Hi Jeff again!
>> (update) it works with "truly" OpenMPI, but it works *not* with SUN
>> Cluster Tools 8.0 (which is also an OpenMPI). So, it seems be an SUN
>> problem and not general problem of openMPI. Sorry for false relating
>> the problem.
>
> Ah, gotcha. I guess my Sun colleagues on this list will need to address
> that. ;-)
I hope!
>> The only trouble we have now are the error messages like
>>
>> --------------------------------------------------------------------------
>>
>> Sorry! You were supposed to get help about:
>> no hca params found
>> from the file:
>> help-mpi-btl-openib.txt
>> But I couldn't find any file matching that name. Sorry!
>> --------------------------------------------------------------------------
>>
>>
>> (the job still runs without problems! :o)
>>
>> if running openmpi from new location, and the old location being
>> removed. (if the old location being also persistense there is no
>> error, so it seems to be an attempt to access to an file on old path).
>
> Doh; that's weird.
>
>> Maybe we have to explicitly pass the OPAL_PREFIX environment variable
>> to all processes?
>
> Hmm. I don't need to do this in my 1.2.7 installation. I do something
> like this (I assume you're using rsh/ssh as a launcher?):
We use zsh as login shell, ssh as communication protocol and an wrapper
to mpiexec which produces an command somewhat like
/opt/MPI/openmpi-1.2.7/linux64/intel/bin/mpiexec -x LD_LIBRARY_PATH -x
PATH -x MPI_NAME --hostfile /tmp/pk224850/26654_at_linuxhtc01/hostfile3564
-n 2 MPI_FastTest.exe
(hostfiles are generated temporarely by our wrapper due of load
balancing, and /opt/MPI/openmpi-1.2.7/linux64/intel/ is the path to our
local installation of OpenMPI... )
You see that we also explicitly order OpenMPI to export environment
variables PATH and LD_LIBRARY_PATH.
If we add an " -x OPAL_PREFIX " flag, and through forces explicitly
forwarding of this environment variable, the error was not occured.
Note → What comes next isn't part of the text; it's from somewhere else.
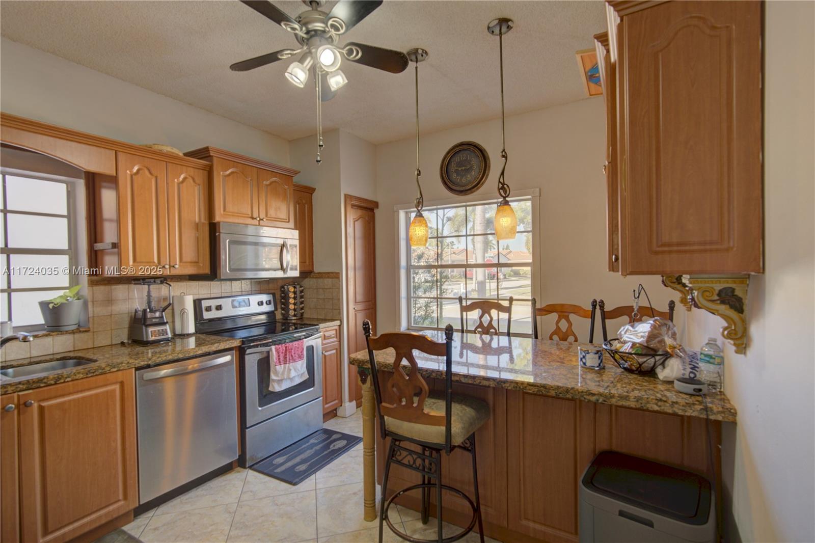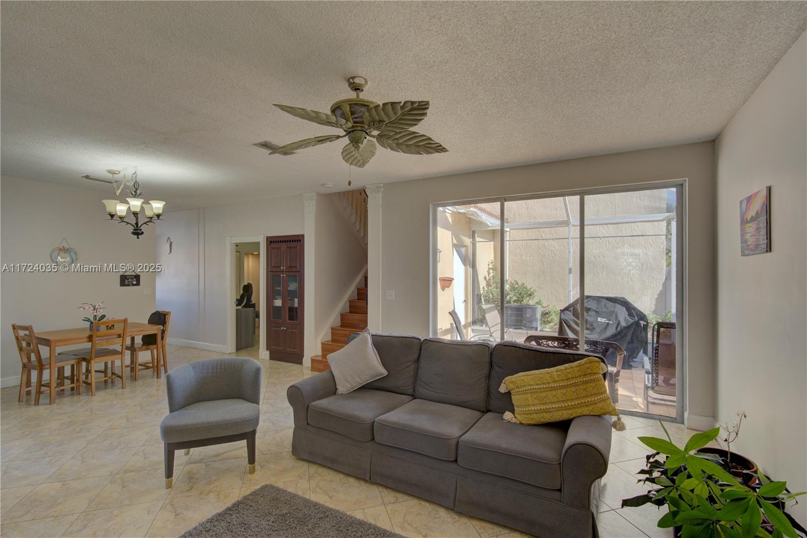 This beautiful townhouse offers a perfect blend of style and functionality. With 3 spacious bedrooms and 2.5 baths, the home features a welcoming first-floor entry, elegant tile and wood flooring, and ample natural light throughout, with a new roof installed in 2023, and brand new AC. The kitchen comes equipped with modern appliances, including a refrigerator, microwave, electric range, washer, and dryer, ensuring convenience. Upstairs, the primary suite boasts a serene retreat with a combination tub and shower. The converted garage and storage room provide additional versatility. Outdoors, enjoy the garden view from your private patio. Community amenities include a pool, tennis courts, and a clubhouse for recreation.
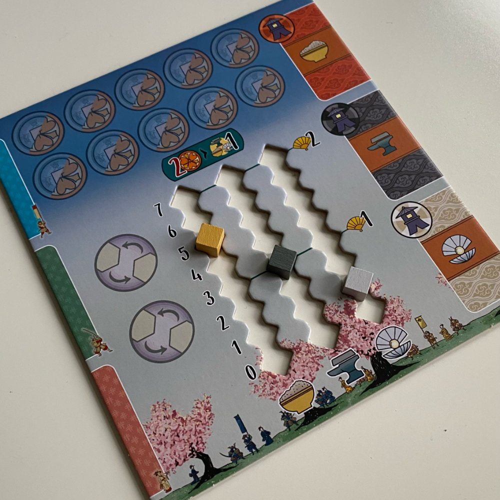 - Ogród, w którym gracz może wydać 2 lub 5 Żywności by umieścić pieczęć klanu na dostępnym, pustym, wybranym przez siebie polu, by następnie otrzymać bonus z kolumny w której znacznik został umieszczony

So
we mean that this variable is needed to be exported across *all*
systhems in cluster.
It seems, the variable OPAL_PREFIX will *NOT* be automatically exported
to new processes on the local and remote nodes.
Maybe the FAQ in
http://www.open-mpi.org/faq/?category=building#installdirs should be
extended in this mean?
>> Did you (or anyone reading this message) have any contact to SUN
>> developers to point to this circumstance? *Why* do them use hard-coded
>> paths? :o)
>
> I don't know -- this sounds like an issue with the Sun CT 8 build
> process. It could also be a by-product of using the combined 32/64
> feature...? I haven't used that in forever and I don't remember the
> restrictions. Terry/Rolf -- can you comment?
I will write an separate eMail to ct-feedback_at_[hidden]
Best regards,
Paul Kapinos
|